January 18, 2010

Leng bu Leng 冷不冷

Leng 冷 means cold
Bu leng 不冷 means not cold

Together the phrase is used to ask if you're cold or not.

Leng bu leng is by far the most common phrase asked by Chinese grandmas as we walk around outside, especially if we have our kids with us. It’s asked out of affection and care for the well being of the foreigners but can be a bit exhausting being asked over and over. So the first Chinese phrase we’re teaching Kanyon is “bu leng,” I’m not cold.

Leng bu leng was taken to the extreme in our house yesterday. Our ayi (housekeeper) asked this question when we returned from the hardware store.

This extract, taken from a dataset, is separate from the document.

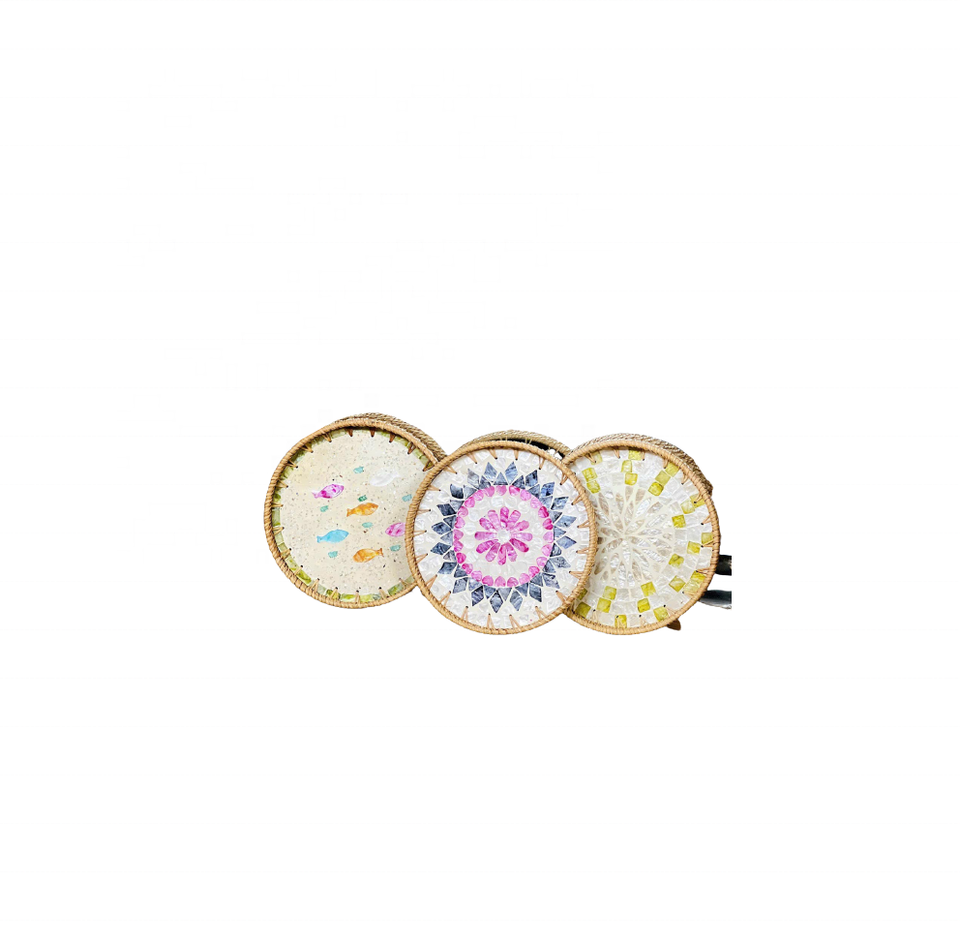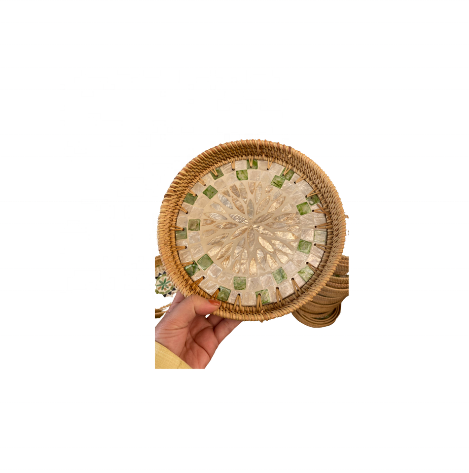 ถาดเสิร์ฟหวายไม้ไผ่ธรรมชาติวินเทจอุปกรณ์ตกแต่งโมเสกมุกสำหรับบ้านโรงแรมร้านอาหารงานฝีมือบริการ

Here’s the conversation:

Ayi: Leng bu leng? Are you cold?
M’Lynn: Bu leng. I’m not cold.

M’Lynn continues to take off her layers of clothes and gets Corbin out of his layers getting ready to feed him. She gets situated and Corbin begins to eat.

Ayi: (motioning to her chest) You should wait a while, you’re milk is too cold for the baby.
M’Lynn: (trying not to laugh) I have a very warm coat.

Are you serious, cold breast milk just from walking outside? I know it’s cold, but I didn’t realize it was that cold!